But Dr. Cunningham argued the question with Mr. Macbeth. Mr. Macbeth had dared – and it was a bold thing for him to do – to question the soundness of the views of his  brother upon this point of man-stealing. He thought that slavery was a sin, and that of necessity, therefore, slaveholders were sinners. Dr. Cunningham took this ground: admitting for argument sake – which he was not altogether disposed to admit – that slavery was a sin, it did not follow that slaveholders were sinners. (Hear and laughter.)

At this point of the discussion all eyes were turned upon the Doctor. He admitted that Mr. Macbeth had stated the subject fairly – (Cries of ‘Oh!’) – that is, the question between the abolitionists and the Free Church was simply this – Is slave-holding necessarily sinful? He should prove that it was not necessarily sinful. Well, the young Free Kirk men, who were sitting all round, seemed astonished at this bold assertion; and they eyed the Doctor to see what great exploit or mighty feat he would do in logic in order to shew, that, after all, slave-holding is not necessarily sinful.

I confess I looked with some degree of solicitude, for I wanted to hear what could be said upon that point, knowing that the Doctor was a very strong and powerful man, both physically and intellectually. (Laughter.)

Well, he supposed a case. ‘Suppose,’ said he, ‘that on the 1st of June next, the Parliament of Great Britain should enact a law declaring all servants slaves to their employers, I then would be a slaveholder, and “by no fault of mine.” “The Law made me a slaveholder.”‘

‘Hurrah, hurrah, my boys!’ said his auditory, ‘the Doctor has proved his point.’ He would not be a ‘slaveholder:’ the law would be the slaveholder.

Well, the Doctor might have sat down at that point and have said to his audience, ‘all further argument is unnecesary; I will submit the case to the jury without any further argument.’

Let us see what this argument amounts to. Why, in order to meet the case it is intended to meet, he must shew that the American slaveholders have, by the laws of America, the slaves imposed upon them, which is utterly untrue. The slaveholders of America themselves make the laws, and among others those by which they hold the slaves. The non-slave-holding part of the population care not a jot or tittle whether the slaveholder holds his slaves or not, so far as troubling themselves to make laws by which the system should be perpetuated. It is the slaveholder who busies himself in obtaining legal enactments by which to enslave his victims, and hold them more securely in bonds.

But suppose the Parliament of Great Britain had, as the Dr. puts the case, passed a Bill consigning all domestic servants as slaves to their employers, and that bill should obtain the royal assent: would Dr. Cunningham dare to sustain the relation of a slaveholder to those domestics? Yes, he would; he has enough of the slaveholder in him to enable him to do that. (Cheers.)

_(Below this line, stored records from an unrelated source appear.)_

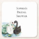 Swans Water Lilies Lake Romantic Bridal Shower Square Paper Coaster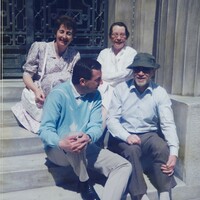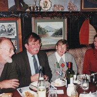 A Medical Group Gathering, 1989-1991 Sean Lavelle, Dept. of Experimental Medicine (on the right of the picture) is sitting on steps alongside Parnell Keeling , Dept. of Surgery. At the rear is Joan Kavanagh (left of picture), Research Assistant, Dept. of Experimental Medicine alongside Frances Lavelle, wife of Sean Lavelle.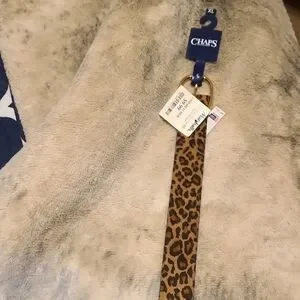 Chic leopard print belt by Chaps. Features a striking gold buckle. Ideal for a bold fashion statement.

He possesses sufficient of the spirit of the enslaver to permit his sustaining the character of a slave-holder; but the real question is, would Christianity sanction such an act on his part? You know that it would not.

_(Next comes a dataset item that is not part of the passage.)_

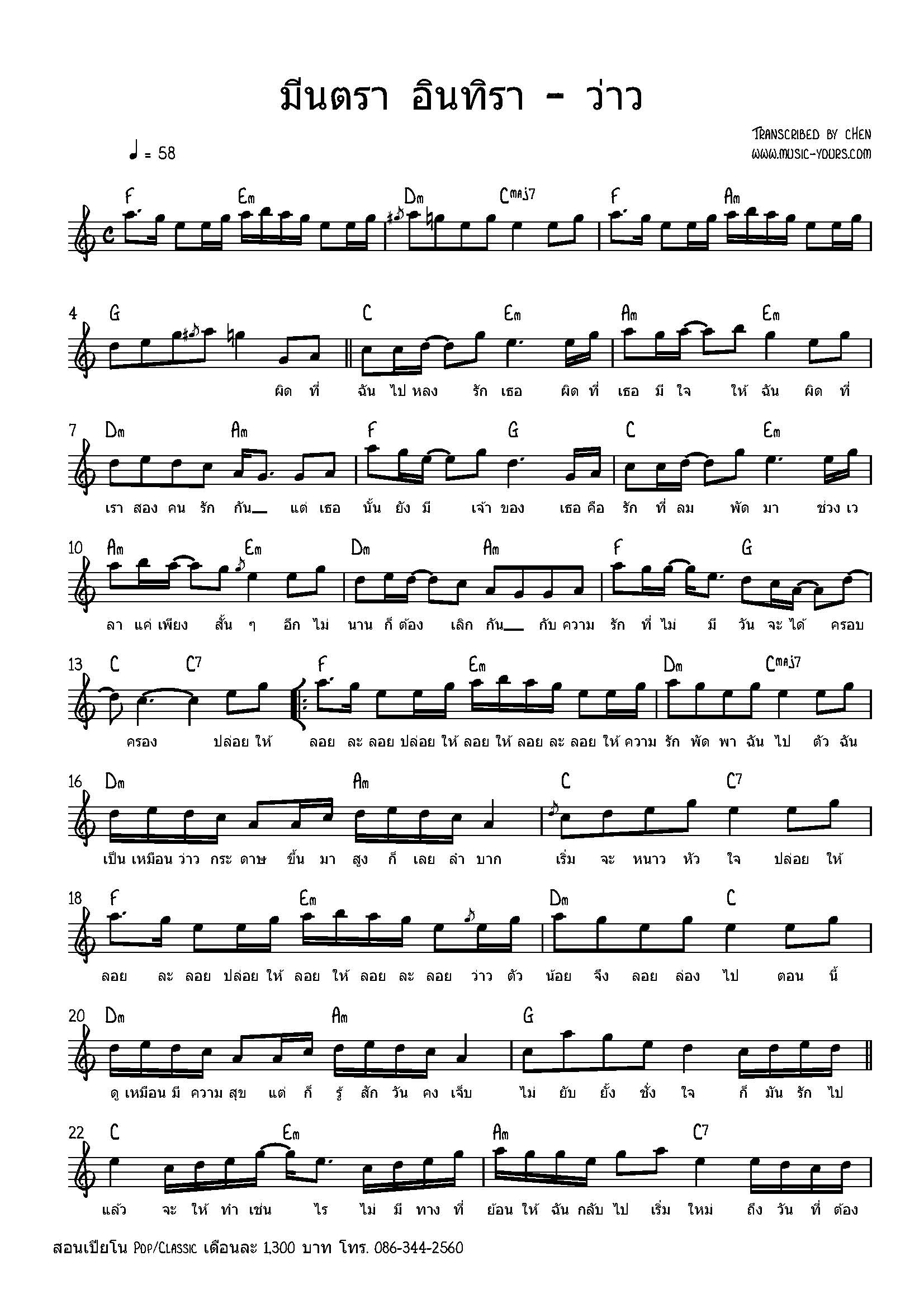 มีนตรา อินทิรา - ว่าว โน้ตเปียโน เรียนเปียโน สอนเปียโน เปียโนป๊อป

Now let us change the description of sin, and suppose that, instead of slavery, one of the sins comprehended in that most comprehensive crime – for slavery is the sum of all villainies: it is a concentration of violations of all the commands of the Decalogue, not one excepted, – every law of Heaven being broken in the relation of master and slave, – every virtue being broken down, even to the common  bond of marriage, as you have already heard – all being swept by the board, and truth, justice, and humanity, all being trampled under foot in the system of slavery; – instead of this comprehensive sin, I say, which Dr. Cunningham would comit in the position he supposes himself placed ‘by no fault of his own,’ we take only one of the sins of which slavery is made up, and test by that single iniquity the soundness of Dr. Cunningham’s position, for if his argument be good in one case, it must be good in another; if sound in reference to one sinful system, it is also true in reference to another sinful system; if it is admitted that what is morally wrong is made righteous by being made legally right. Let us suppose, in the language of Dr. Cunningham that Parliament should enact a law, that upon the 1st of June next all domestic female servants should become concubines to their employers.

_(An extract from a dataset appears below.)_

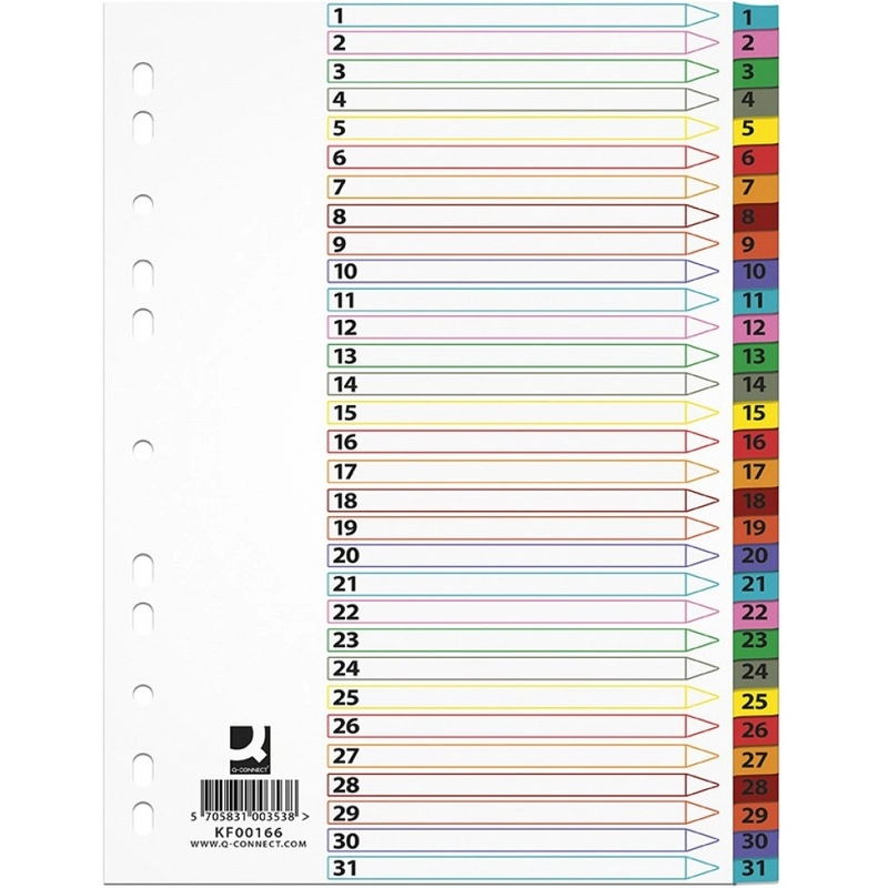 Przekładki wykonane z białego kartonu o gramaturze 170 gsm. Plastikowy, kolorowy indeks pokryty folią Mylar. Pierwsza karta opisowa z numerami w kolorze białym. Cechy produktu: - ilość przekładek: 5, 10, 12, 20, 31 - dziurkowanie: 11 (ze wzmocnionym obszarem europerforacji) - wymi czytaj więcej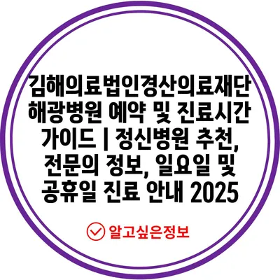 김해의료법인경산의료재단 해광병원 예약 및 진료시간 가이드 | 정신병원 추천, 전문의 정보, 일요일 및 공휴일 진료 안내 2025

‘I then,’ says Dr. Cunningham, ‘should become a fornicator; legally, and by no fault of my own.’ Certainly not, the blame would rest upon the laws! Dr Cunningham would sustain that relation because the law declared its admissibility, because an Act of Parliament justified it. There is nothing in Dr. Cunningham’s speech to lead me to believe that he would not sustain that relation. You will not be shocked at this, my friends. I say there was nothing in his speech to prevent it: for logically he would be bound to sustain that relation. Why not? Is one position less wicked and sinful than the other? Is one sin less revolting to humanity and virtue, and more at war with the eternal mandates of Jehovah, than the other?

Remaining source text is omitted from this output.